Both Tillis and Berger said they hoped Gov. Beverly Perdue, a Democrat, would sign off on the plan rather than veto it. But Perdue has insisted for months that a tax increase was needed to augment education spending, something Republicans were unwilling to do.
Two high-profile items sought by House leaders were not included: funding for eugenics victims and language creating a tax credit for companies that fund private school tuition programs for low-income students.
"There was no ability to develop consensus on one particular path forward," Berger said of the eugenics bill.
While the House had passed a package that would give $50,000 to each victim of North Carolina's state-sponsored sterilization program from the early and mid-20th century, Senators balked.
Tillis characterized the lack of eugenics funding as "a personal failure" but said the Senate simply wouldn't budge on the issue.
Rep. Earline Parmon, D-Forsyth, said not including payment in the final budget is a betrayal.
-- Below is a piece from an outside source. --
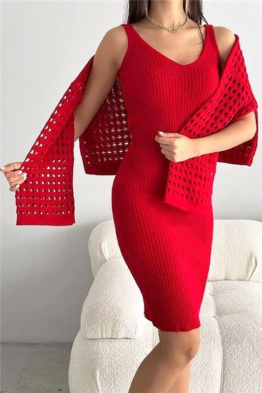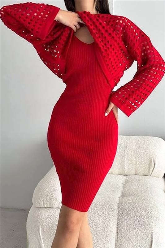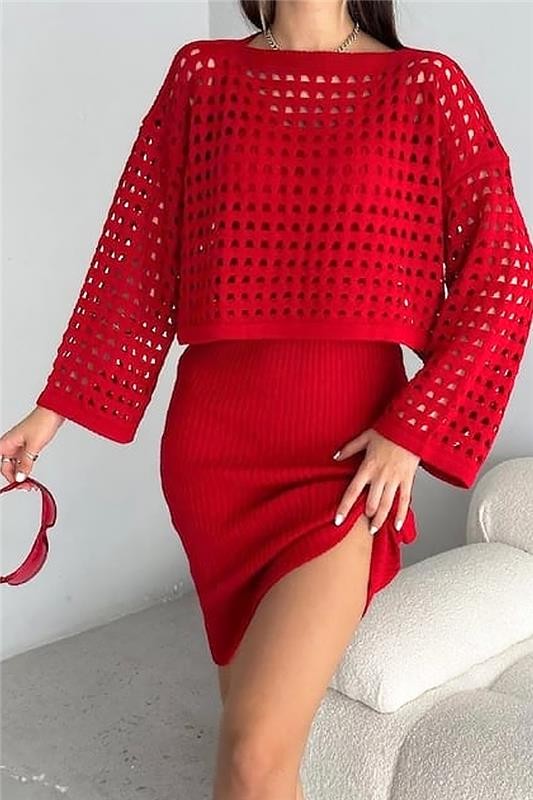 - Γυναικείο σετ δύο τεμαχίων, που αποτελείται από ένα κοντό φόρεμα και ένα εντυπωσιακό πουλόβερ, κατάλληλο για μοντέρνα εμφανίσεις.
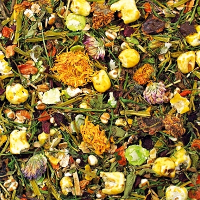 Płatki owsiane, płatki pszenne, płatki grochu, marchew, pietruszka, lucerna, pszenica, pszenica dmuchana, płatki kukurydziane, kukurydza dmuchana, melisa, mięta pieprzowa 3,3%, burak, żebrówka, jeżówka, nagietek 1%, koniczyna czerwona, owies, mniszek lekarski, siano łąkowe

"This year, we said that we would do something, that we would pass this compensation bill. We lied to the people of North Carolina who were victimized by us," Parmon said.
The Justice for Sterilization Victims Foundation, which has verified 146 and 15 deceased victims of the eugenics program in 57 counties statewide, said it immediately suspended requests to verify other victims. Foundation executive director Charmaine Fuller Cooper said the panel's funding ends on June 30 since the budget includes no new money for it.
As for the scholarship program, Tillis said the issue was still alive and might be handled in a separate bill.
The Senate is expected to vote on the budget Thursday. A House vote will be scheduled for Friday unless all the members of the chamber agree to waive a House rule to allow for a Thursday vote.
Specific items in the budget as detailed by Berger, Tillis and other budget writers include:
- A 1.2 percent raise for teachers and state workers. The Senate version of the budget would have allowed schools to use money for raises to offset other cuts to education funding. The compromise plan, Berger said, adjusts the salary schedule. Retirees in the state pension plan are also slated for a cost-of-living increase.
- A $251 million boost to education funding. This money helps roll back "flexibility cuts" to schools, money that public school systems have to hand back to the state government every year. The $251 million roughly compensates for the loss of federal EduJobs money that expires this summer. However, schools will still see roughly $82 million less in overall state and federal funding.
Representatives of teachers and state workers gave the plan tepid approval.
"Bottom line is, this is a step in the right direction from where we were about to go," said Brian Lewis, government affairs director of the North Carolina Association of Educators.
Ardis Watkins, legislative affairs director for the State Employees Association of North Carolina, said state workers and retirees haven't had a raise in four years.
"(It) is not as much as we would like to see," Watkins said of the 1.2 percent raise, "but the Senate took a step in the right direction, and we're glad to see the end result."